_Instructions for the task_: Please transcribe only the lines from the one holding "12月5日上午9:00,考生" through the final line of the data, both included, with no pictures.

_Data shown_:
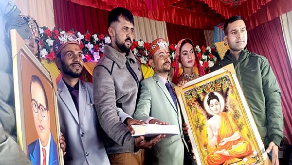 हिमाचल,27अक्टूबर : हिमाचल से एक बार फिर अनोखी शादी का मामला सामने आया है, जहां दो सगे भाइयों ने न पंडित बुलाया, न ही सात फेरे लिए सब संविधान की शपथ लेकर शादी कर ली। यही नहीं शादी के कार्ड पर भी महान विभूतियों महात्मा बुद्ध, संविधान निर्माता डॉ. भीमराव आंबेडकर और महात्मा कबीर के चित्र प्रकाशित किए गए, जिन्होंने सामाजिक कुरीतियों को दूर कर लोगों को जीने की नई राह दिखाई।शिलाई विधानसभा क्षेत्र के अंतर्गत नैनीधार के कलोग गांव के दो सगे भाइयों सुनील कुमार बौद्ध और विनोद कुमार आजाद ने संविधान को साक्षी मानकर शादी की। दोनों ने डॉ. भीम राव आंबेडकर के विचारों से प्रेरित होकर यह अनोखी पहल की।
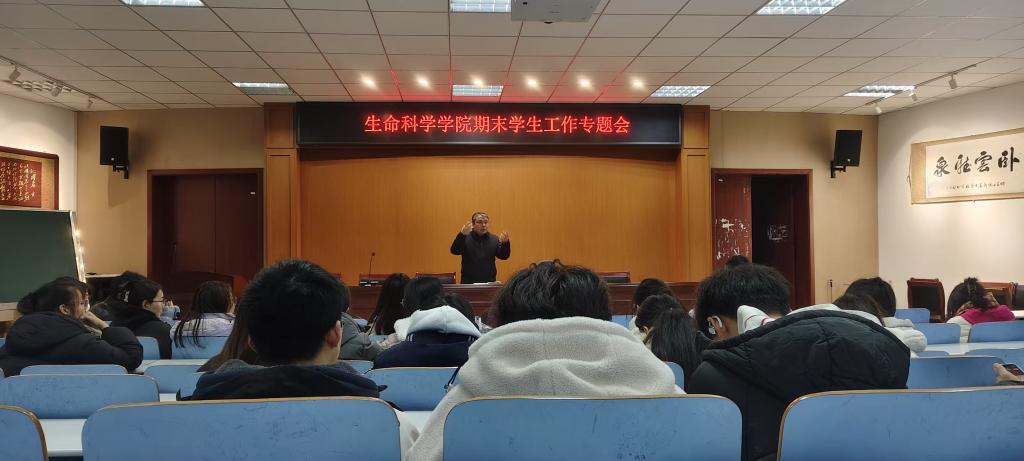 2024年12月23日,新葡的京官网期末学生工作专题会议在生科楼414会议室利召开。本次会议旨在总结学院近期工作,并就期末学习、生活安全及寒假安排等方面做出重要部署。新葡的京官网党委副书记荣宪举,分团委书记熊蕾,各年级班长、团支书,学生会成员参加了会议。
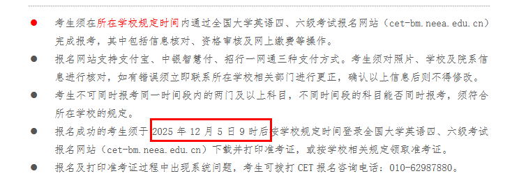 12月5日上午9:00,考生可自行登录全国大学英语四、六级考试网站(网址:http://cet-bm.neea.edu.cn)。
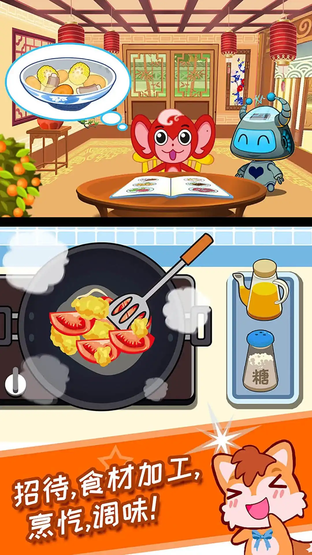 神秘的【宝宝机器人餐厅】来啦!快看看这次有美味的菜式吧! 香喷喷的西红柿炒鸡蛋;肥而不腻的土豆烧肉~ 还有隐藏的蛋糕和披萨等着你哟~ 想知道这些美味是怎么做的吗,快来大展身手吧! ——产品内容—— 【美味爆棚】宫爆鸡丁、白菜豆腐汤、茄角之恋、蚂蚁上树....荤素搭配,有菜有汤,汇聚各地美食,让你大饱口福! 【食材丰盛】牛肉、香菇、鸡蛋....绿色有机食材,综合搭配,吃出健康好身体! 【厨具齐全】炒锅、搅拌机、烤箱...满足你对厨房的所有想象! 【调料丰富】酱油、寂静...丰富的调料,刺激你的味蕾,锁住你的味觉! 【过程享受】招待客人、选菜、食材加工、烹饪、调味,制作心中完美料理! 【奖励金币】烹饪美食,经营餐厅,获得丰厚报酬,学习更多菜式!

_Output for this task_:
 12月5日上午9:00,考生可自行登录全国大学英语四、六级考试网站(网址:http://cet-bm.neea.edu.cn)。
 神秘的【宝宝机器人餐厅】来啦!快看看这次有美味的菜式吧! 香喷喷的西红柿炒鸡蛋;肥而不腻的土豆烧肉~ 还有隐藏的蛋糕和披萨等着你哟~ 想知道这些美味是怎么做的吗,快来大展身手吧! ——产品内容—— 【美味爆棚】宫爆鸡丁、白菜豆腐汤、茄角之恋、蚂蚁上树....荤素搭配,有菜有汤,汇聚各地美食,让你大饱口福! 【食材丰盛】牛肉、香菇、鸡蛋....绿色有机食材,综合搭配,吃出健康好身体! 【厨具齐全】炒锅、搅拌机、烤箱...满足你对厨房的所有想象! 【调料丰富】酱油、寂静...丰富的调料,刺激你的味蕾,锁住你的味觉! 【过程享受】招待客人、选菜、食材加工、烹饪、调味,制作心中完美料理! 【奖励金币】烹饪美食,经营餐厅,获得丰厚报酬,学习更多菜式!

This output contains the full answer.